Furthermore, pioneer communities are much more open than social movements to new forms of entrepreneurship and policymaking, a point where certain parallels to think tanks can be identified. Pioneer communities share with think tanks the ability to produce ideas (Hart and Vromen, 2008: 136) and a drive to influence policy and the public (Pautz, 2010: 276). Moreover, another similarity between think tanks and pioneer communities is the way they digitally organize themselves (Hart and Vromen, 2008). The social change they try to promote is always more technically, and less politically, oriented. Pioneer communities thus form a very specific group of intermediaries. Previous scholarly discussion has pointed out that Bourdieu’s (2010) original understanding of cultural intermediaries as a certain “new petite bourgeoisie” (p. 360) working in so-called creative industries is too narrow and that a broader view of actors mediating between production and consumption is needed (Hutchinson, 2017: 1–17; Negus, 2002: 504f.). While recent work has focused in particular on the “framing,” “expertise,” and “impact” (Maguire and Matthews, 2012: 554) of cultural intermediaries in the domains of social marketing, audiovisual production, music, food and art, and more recent work has emphasized the role of digital platforms in processes of “digital intermediation” (Hutchinson, 2023), this article is more concerned with pioneer communities as intermediaries in relation to digital technologies and digital futures.
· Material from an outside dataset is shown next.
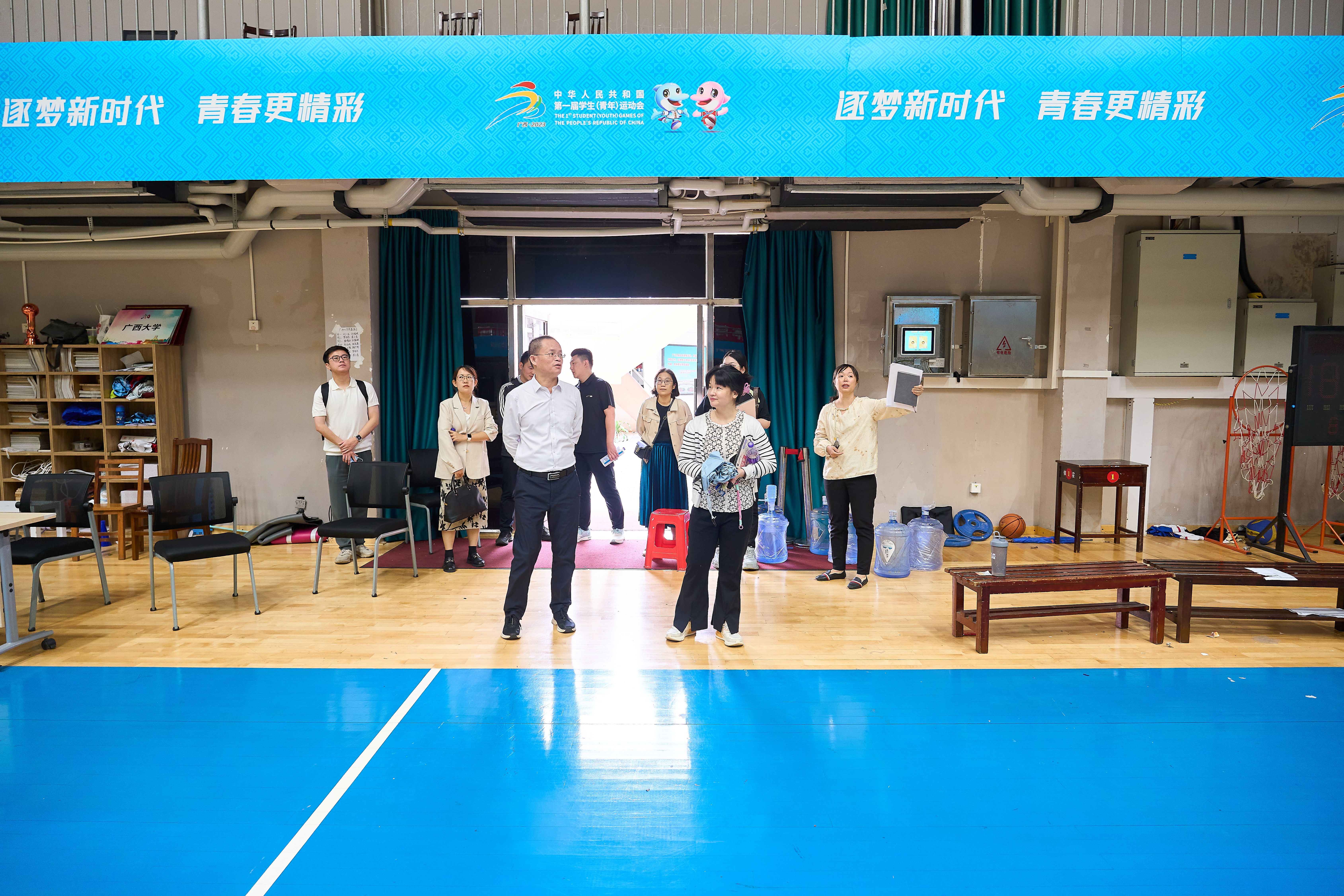 座谈会后,覃丽丽一行参观了综合体育馆、篮球馆、网球中心等场馆设施。
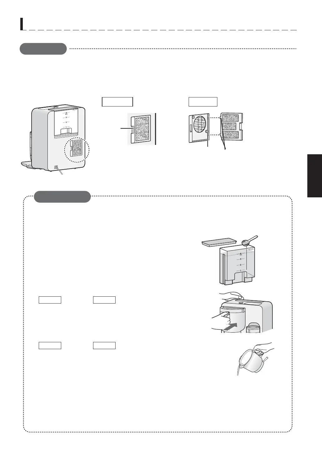1.水タンクにMAXの水位まで水を入れる。

Against this background, pioneer communities such as Hacks/Hackers, Makers and Quantified Self can be characterized as a hybrid of social movement and think tank. They typically bring together scientists and developers with users, connecting research, politics, journalism, and industry. They represent a connective layer between different corporate actors such as established media and technology companies and government agencies. As intermediaries, pioneer communities are fundamental to the ongoing communicative construction of possible digital futures because they incorporate not only selected “vanguards” (Hilgartner, 2015) and “visioneers” (McCray, 2013) from the scientific community, but also people from various other social domains. It is in this way that Hacks/Hackers, Makers, and Quantified Self are able to establish connections to broader society.
Approaching the life cycle of pioneer communities
With the establishment of the Hacks/Hackers, the Maker, and the Quantified Self movements as second-generation pioneer communities, their operating patterns consolidate into a life cycle. Typically, three phases can be distinguished in the “life” of a pioneer community: the formative phase, the peak phase, and the dispersion phase. These three phases point to their existing dynamic and provisional nature: They are driven by visions of the future and experimental practices, which means that a notable number of their members lose interest in the community the moment they begin to find wider acceptance. This leads to a constant coming and going of pioneer communities. Accordingly, pioneer communities’ significance for processes of deep mediatization can only be adequately grasped by observing their overall dynamics.
This figure is to be read in such a way that the Y-axis represents the number of members of the respective community across its development, the X-axis the passage of time. The more detailed descriptions within the resulting quadrant serve to characterize the life cycle in terms of a social science typology: 4 All the pioneer communities investigated by us went through the phases of formation, peak, and dispersion in a time frame spanning about 15 years, although there are variations depending on the specifics of each. The pioneer communities also differ significantly in their absolute number of members, as the figures presented below show; what they do share, however, is the course of their membership numbers over time.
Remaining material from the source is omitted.